━━━━━ Source material ━━━━━

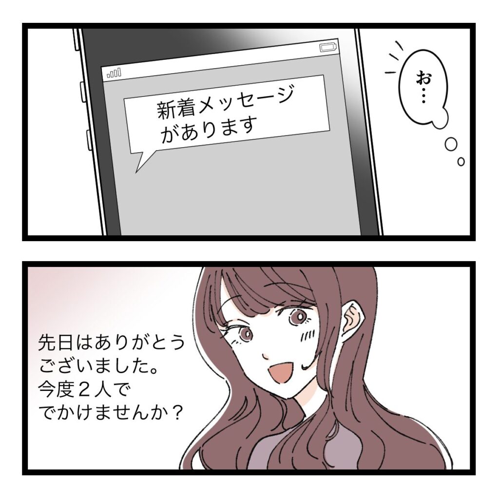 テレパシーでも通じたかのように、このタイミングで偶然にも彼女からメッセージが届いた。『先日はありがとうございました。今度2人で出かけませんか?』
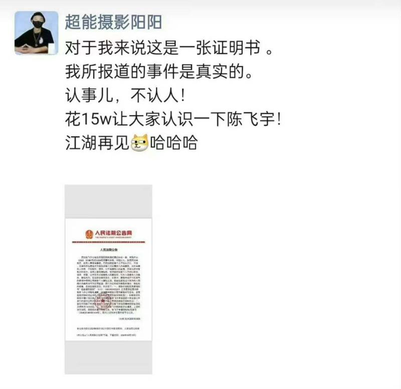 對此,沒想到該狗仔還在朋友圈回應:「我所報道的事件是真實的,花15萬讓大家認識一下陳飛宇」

━━━━━
━━━━━ Source material ━━━━━

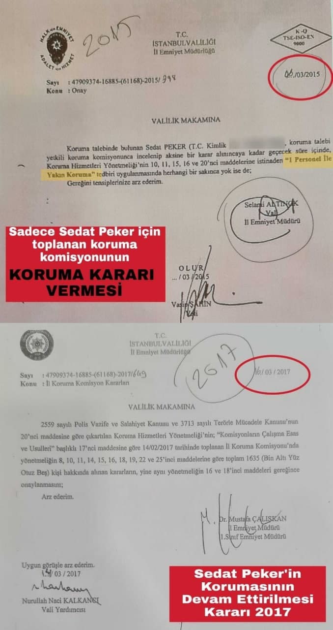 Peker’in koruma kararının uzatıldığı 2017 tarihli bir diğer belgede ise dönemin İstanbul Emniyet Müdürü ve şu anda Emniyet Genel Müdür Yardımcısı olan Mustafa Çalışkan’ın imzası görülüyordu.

━━━━━

### Problem to work on
Look back over the records above. Reproduce exactly everything from the line with "テレパシーでも通じたかのよう" down to the line with "對此,沒想到該狗仔還在朋友圈", inclusive, and leave the pictures out.

### Response
 テレパシーでも通じたかのように、このタイミングで偶然にも彼女からメッセージが届いた。『先日はありがとうございました。今度2人で出かけませんか?』
 對此,沒想到該狗仔還在朋友圈回應:「我所報道的事件是真實的,花15萬讓大家認識一下陳飛宇」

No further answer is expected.